Is there any way we can read the link segment, start and end points in document coordinates? The link.points are not predictable they would give the exact point where segment bend starts or end.

Between transactions the value of Link.points is the route of the link, in document coordinates.

If you look at the route during changes to the diagram, such as when a node has changed position or size, the route might be invalid, holding old information until the route can be recomputed.

I wanted to read the points on link, where bends start or end, for orthogonal links, which is not possible using link.points. May I know, if this is possible.

I don’t understand what your question really is. If I look at the value of Link.points of a Link in a running diagram in the console window, I get:

>> myDiagram.selection.first().points.each(p => console.log(p.toString()))

So you can easily see where the “bends” are by looking at whether adjacent points have the same or different values for x and y.

there is a lot of iteration needed within points logically to get the exact locations, Is there any other parameter that would directly give this information?
Basically, I am trying to make the orthogonal link straight, without segments, if user has drawn a link with segments, having segment length less than a reference length. This is straightforward when there are no toEndSegmentLength or fromEndSegmentLength.
When there are toEndSegmentLength or fromEndSegmentLength for the node, I have to check for bends, after the endSegmentLengths.
Do you think is there a better way to remove the segments to make the link straight?

If I understand you correctly, when the total distance is less than some number, you want to change the route to just have two points so that it’s just a straight line running from the start point link.points.getPoint(0) to the end point link.points.getPoint(link.pointsCount-1).

The best way to do that is to define a custom Link class and override Link.computePoints to call the super method, if successful look at the results for the criteria you care about, and if you want to, call Link.removePoint on all of the intermediate points you don’t want to keep in the route.

Its not “when the total distance is less than some number”. its when the link has shape as in picture, straighten them.

The circled distance when below some number, the link has to straighten.

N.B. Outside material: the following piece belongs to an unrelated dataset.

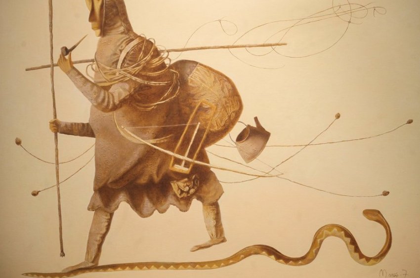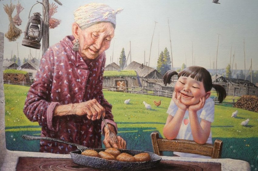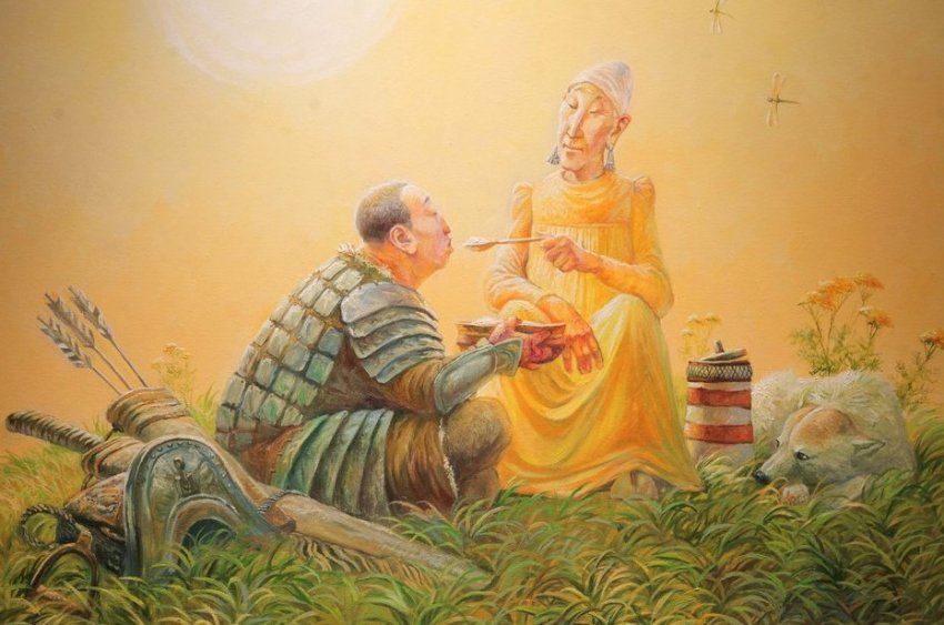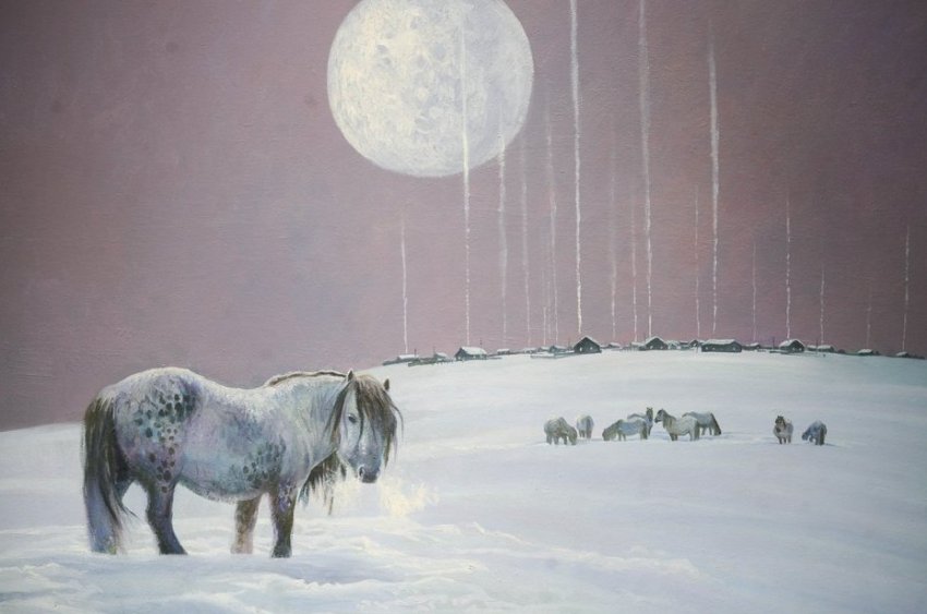 Второй зал экспозиции — это, прежде всего, картины. Михаил Старостин представлен полотном «По тропе-змейке». Художник известен своим новым взглядом на человека Арктики, кочующего по разным дорогам. Молодой живописец Иннокентий Корякин в прошлом году выставлялся на персональной выставке в столице Якутии, в Казань приехало несколько его полотен, например, «Лунная ночь» — кони в бескрайних снегах. Притягивает внимание шутливое полотно «Избалованный боотур». Толстяка, сидящего на лужочке, заботливо кормит бабулька: видно, как оба довольны жизнью. Однако следует помнить, что боотур — воин-защитник. В древних легендах Олонхо — прародитель, но слово стало нарицательным, и, по сути, это привычный нам «богатырь». Картина показывает, что бывает, если женщина начнет излишне баловать своего защитника, богатыря.

The node might have endSegmentLengths, which makes it tedious to not consider just link.points.getPoint(0) to the end point link.points.getPoint(link.pointsCount-1) . [Eg: 2nd diagram]. The link should starighten, without removing the end segments as below:

In the first case, are you saying that you would want one of the link connection points to no longer be at the middle of the bottom or the middle of the top of a node? Otherwise it isn’t clear to me what you want.

This doesn’t handle the second case in your upper screenshot, but a number of samples implement a custom Link class, typically called BarLink, that has the route always be straight to a “Bar” Node if the route can be straight without dangling mid-air. Look at:
Network Configuration
Grafcet Diagrams

In the first case the encircled part should be removed, and the whole link should be straight, between the 2 blocks, without moving the start and end points, since the connections happen between ports.

OK, so the route would no longer be orthogonal.

Yes, you do need to respect end segments. It’s not hard – if there are 4 or more points you can look at getPoint(1) and getPoint(pointsCount-2) instead. This assumes that you don’t have any cases where the fromSpot or the toSpot is None.

Yes you got it right. But, The nodes may or may not have segments, like in the first picture, there are no end segments.
But when I examine the getPoint(1) and getPoint(pointsCount-2), they are not always the point which we thought we would get, just now.

Did you have an example you could share along with a question to ask? Or have you figured it out already?

Ok I shall find out an example to post here soon.